Freed prisoners expose conditions

As Williams was issuing this carte blanche, the US military freed up to 20 Guantanamo Bay prisoners, returning them to Afghanistan, Pakistan and Saudi Arabia. US officials refused to give exact numbers or details of those repatriated but the releases came after increasingly strident protests from at least eight countries, including Russia, Saudi Arabia, Kuwait, Sweden and Pakistan.

Comments from two freed Afghans—Mohammad Tahir and Rostum Shah—and Shah Mohammad in Pakistan over the last week provide additional evidence that scores of detainees have no links whatsoever with Al Qaeda or any other terrorist organisations.

“I’m angry that the Americans waited until we were in Guantanamo to interrogate us,” 28-year-old Mohammad Tahir told Associated Press in Kabul. “Had they questioned us here in Afghanistan, it would have saved us a lot of trouble. They could have realised a lot sooner that I was innocent.”

Twenty-two-year-old Rostum Shah said that the US military interrogated him two or three times a week demanding to know whether he was connected with the Taliban regime. “All the time they asked us, ‘Where are you from? Are you Taliban? Were you in Pakistan? Why were you captured with the Taliban?’ They said: ‘If you’re innocent, then why did you go to fight against your own people?’”

Both men told the US military that they had no agreement with the Taliban regime but had been dragooned into the Afghanistan army.

As Shah explained: “The Taliban forced us to fight. They took us away from our houses and told us it was our responsibility to fight.” He was sent from the southern province of Helmand to fight in Bamiyan region. Tahir, who was also dispatched to Bamiyan, said that the Taliban demanded one man from each family in his village in central Ghor province.

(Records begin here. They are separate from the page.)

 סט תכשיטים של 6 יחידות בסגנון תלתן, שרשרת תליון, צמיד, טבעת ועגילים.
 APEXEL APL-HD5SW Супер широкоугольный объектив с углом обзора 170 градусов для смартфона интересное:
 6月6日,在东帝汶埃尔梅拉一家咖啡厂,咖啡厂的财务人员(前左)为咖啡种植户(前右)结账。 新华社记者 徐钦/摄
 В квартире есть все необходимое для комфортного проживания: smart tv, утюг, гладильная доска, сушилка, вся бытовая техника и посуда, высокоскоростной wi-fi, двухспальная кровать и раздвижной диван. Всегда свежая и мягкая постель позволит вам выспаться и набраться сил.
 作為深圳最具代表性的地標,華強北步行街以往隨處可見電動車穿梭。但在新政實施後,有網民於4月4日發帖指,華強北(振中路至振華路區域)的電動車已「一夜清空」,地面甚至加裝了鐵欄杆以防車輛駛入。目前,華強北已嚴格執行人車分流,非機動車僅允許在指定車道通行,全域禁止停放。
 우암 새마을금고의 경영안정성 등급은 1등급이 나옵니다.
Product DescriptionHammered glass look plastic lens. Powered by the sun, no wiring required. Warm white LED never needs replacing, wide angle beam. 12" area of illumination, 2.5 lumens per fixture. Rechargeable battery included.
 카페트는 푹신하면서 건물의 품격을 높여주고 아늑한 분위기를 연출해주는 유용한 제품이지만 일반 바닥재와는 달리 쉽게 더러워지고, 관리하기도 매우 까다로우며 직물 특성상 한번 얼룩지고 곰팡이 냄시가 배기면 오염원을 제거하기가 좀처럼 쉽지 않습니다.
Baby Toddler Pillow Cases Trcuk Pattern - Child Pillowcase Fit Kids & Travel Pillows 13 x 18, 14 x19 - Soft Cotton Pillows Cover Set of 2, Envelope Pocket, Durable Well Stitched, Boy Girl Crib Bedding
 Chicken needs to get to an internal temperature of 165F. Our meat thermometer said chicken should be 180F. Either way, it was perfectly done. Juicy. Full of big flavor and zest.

Tahir and Shah were captured in late 2001 by Hezb-e-Wahadat, a Shiite Muslim faction composed of mainly ethnic Hazaras opposed to the Taliban, and held for four months. They were then handed over to the US military, which jailed them in Kandahar for another four months before sending them to Guantanamo Bay.

“When they took us to Guantanamo, they didn’t tell us how long we’d be there,” Shah said. “We didn’t know when we’d be released. We didn’t even know why they brought us there.”

Tahir and Shah have received no apology or official acknowledgment of their innocence from the US but were flown back to Bagram Air Base, the US military headquarters in Afghanistan, in early May. Each received a blue sports bag containing a jacket, underwear, tennis shoes and a bottle of shampoo. They were handed over to Kabul police, who released them.

Shah Mohammad, a 23-year-old former baker from Pakistan’s North West Frontier, told newspapers after his release, that conditions were so bad in Guantanamo Bay that most of the prisoners were “in a critical condition mentally and have become mentally deranged”. He said that Jehan Wali, one of the Pakistanis freed with him, was so disturbed by his treatment that “he had not spoken to anyone for the past eight months.”

An estimated 54 Pakistanis are still being held at Guantanamo Bay. According to Mohammad, who was captured in Mazar-e-Sharif in November 2001, most of them were sold to the US by warlords affiliated with the Northern Alliance. He said the US military treated them like “animals”; for the first month at the Guantanamo Bay military prison they were not allowed to talk to each other and the adan (Muslim call to prayer) was banned.

“For several months prisoners were tortured frequently. Later after the Red Cross intervened, the torture was limited to interrogation sessions and the bans on adan and talking to each other were lifted. The American government, without any proof or justification, kept me imprisoned for 18 months. The US should compensate me for this loss of my freedom,” Muhammad told the Pakistani media.